== WHAT THE TASK ASKS ==
Take the data below and write it out exactly, except for the pictures.

[Dataset items]
#####
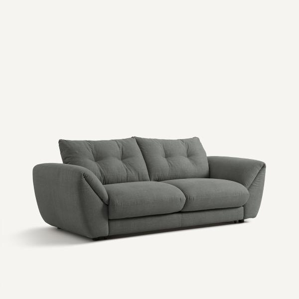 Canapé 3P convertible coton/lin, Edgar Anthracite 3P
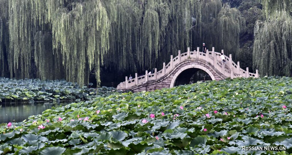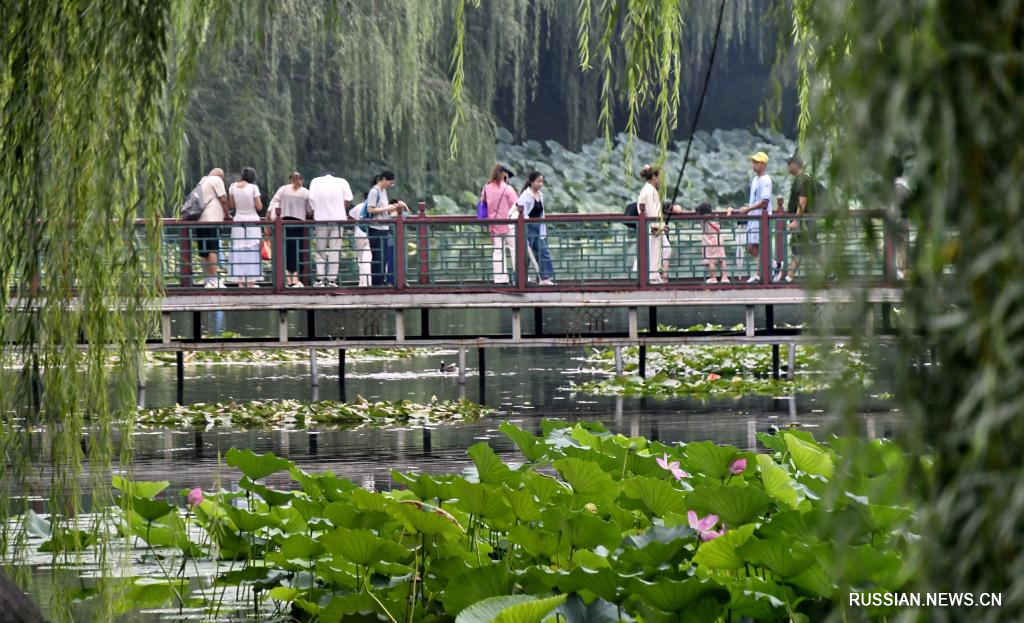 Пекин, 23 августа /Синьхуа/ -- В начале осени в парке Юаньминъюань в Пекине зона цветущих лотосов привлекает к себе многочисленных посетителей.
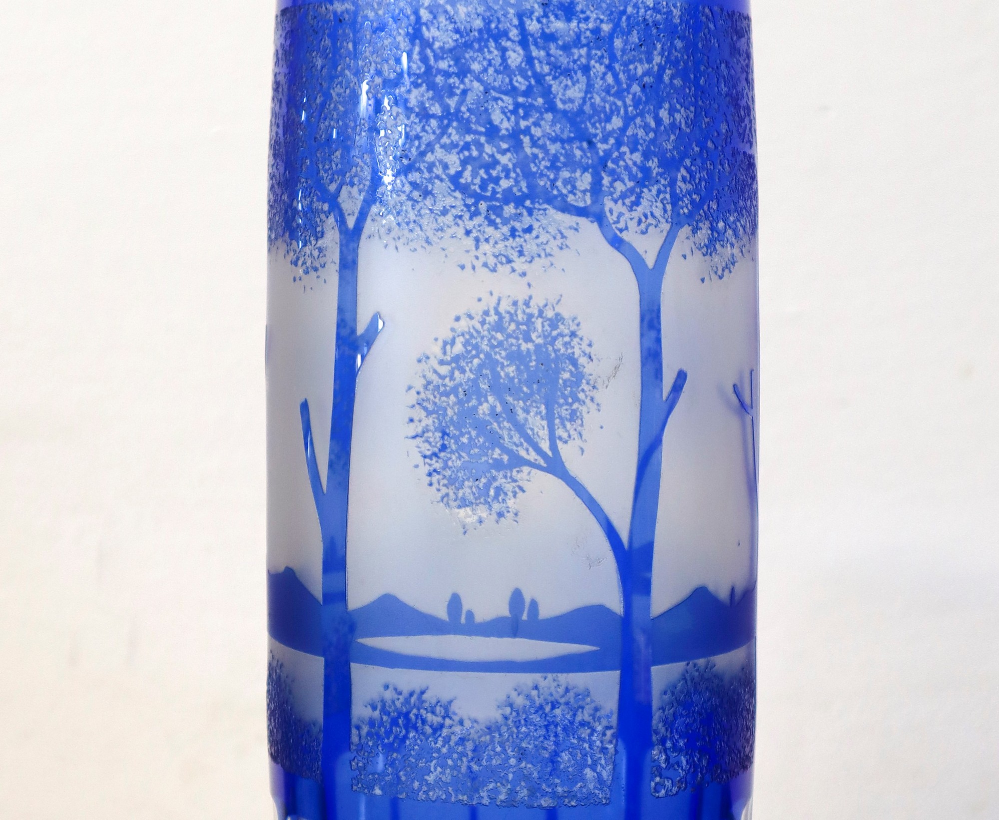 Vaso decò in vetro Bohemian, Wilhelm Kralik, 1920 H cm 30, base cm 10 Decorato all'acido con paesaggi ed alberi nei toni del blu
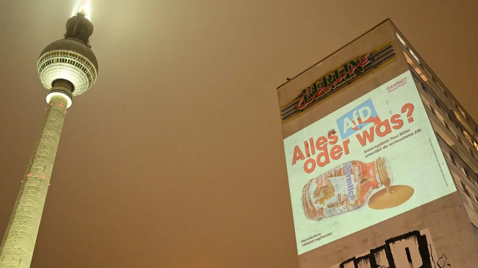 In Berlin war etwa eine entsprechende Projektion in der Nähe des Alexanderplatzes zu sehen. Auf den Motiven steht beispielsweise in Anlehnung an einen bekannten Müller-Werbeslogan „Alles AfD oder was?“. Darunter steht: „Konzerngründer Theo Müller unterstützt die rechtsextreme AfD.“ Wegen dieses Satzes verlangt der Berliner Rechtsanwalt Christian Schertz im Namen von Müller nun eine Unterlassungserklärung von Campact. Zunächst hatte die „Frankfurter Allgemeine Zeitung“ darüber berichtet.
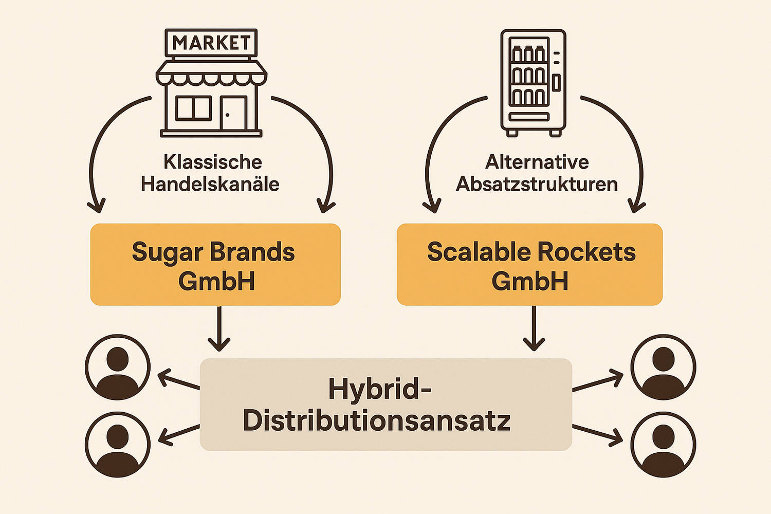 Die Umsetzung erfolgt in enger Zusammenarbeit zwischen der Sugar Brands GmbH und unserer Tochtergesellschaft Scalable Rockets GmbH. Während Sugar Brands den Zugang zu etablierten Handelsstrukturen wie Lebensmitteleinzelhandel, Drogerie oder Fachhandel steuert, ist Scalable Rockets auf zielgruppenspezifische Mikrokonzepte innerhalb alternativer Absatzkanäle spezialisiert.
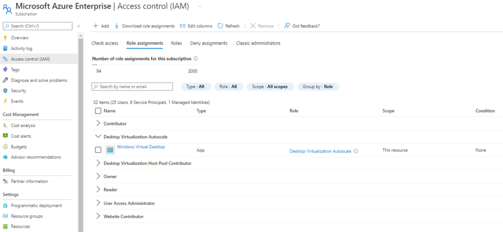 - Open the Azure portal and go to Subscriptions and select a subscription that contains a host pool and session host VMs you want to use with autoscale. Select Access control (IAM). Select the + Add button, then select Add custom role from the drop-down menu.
#####
== REPLY TO THE EXERCISE ==
 Canapé 3P convertible coton/lin, Edgar Anthracite 3P
 Пекин, 23 августа /Синьхуа/ -- В начале осени в парке Юаньминъюань в Пекине зона цветущих лотосов привлекает к себе многочисленных посетителей.
 Vaso decò in vetro Bohemian, Wilhelm Kralik, 1920 H cm 30, base cm 10 Decorato all'acido con paesaggi ed alberi nei toni del blu
 In Berlin war etwa eine entsprechende Projektion in der Nähe des Alexanderplatzes zu sehen. Auf den Motiven steht beispielsweise in Anlehnung an einen bekannten Müller-Werbeslogan „Alles AfD oder was?“. Darunter steht: „Konzerngründer Theo Müller unterstützt die rechtsextreme AfD.“ Wegen dieses Satzes verlangt der Berliner Rechtsanwalt Christian Schertz im Namen von Müller nun eine Unterlassungserklärung von Campact. Zunächst hatte die „Frankfurter Allgemeine Zeitung“ darüber berichtet.
 Die Umsetzung erfolgt in enger Zusammenarbeit zwischen der Sugar Brands GmbH und unserer Tochtergesellschaft Scalable Rockets GmbH. Während Sugar Brands den Zugang zu etablierten Handelsstrukturen wie Lebensmitteleinzelhandel, Drogerie oder Fachhandel steuert, ist Scalable Rockets auf zielgruppenspezifische Mikrokonzepte innerhalb alternativer Absatzkanäle spezialisiert.
 - Open the Azure portal and go to Subscriptions and select a subscription that contains a host pool and session host VMs you want to use with autoscale. Select Access control (IAM). Select the + Add button, then select Add custom role from the drop-down menu.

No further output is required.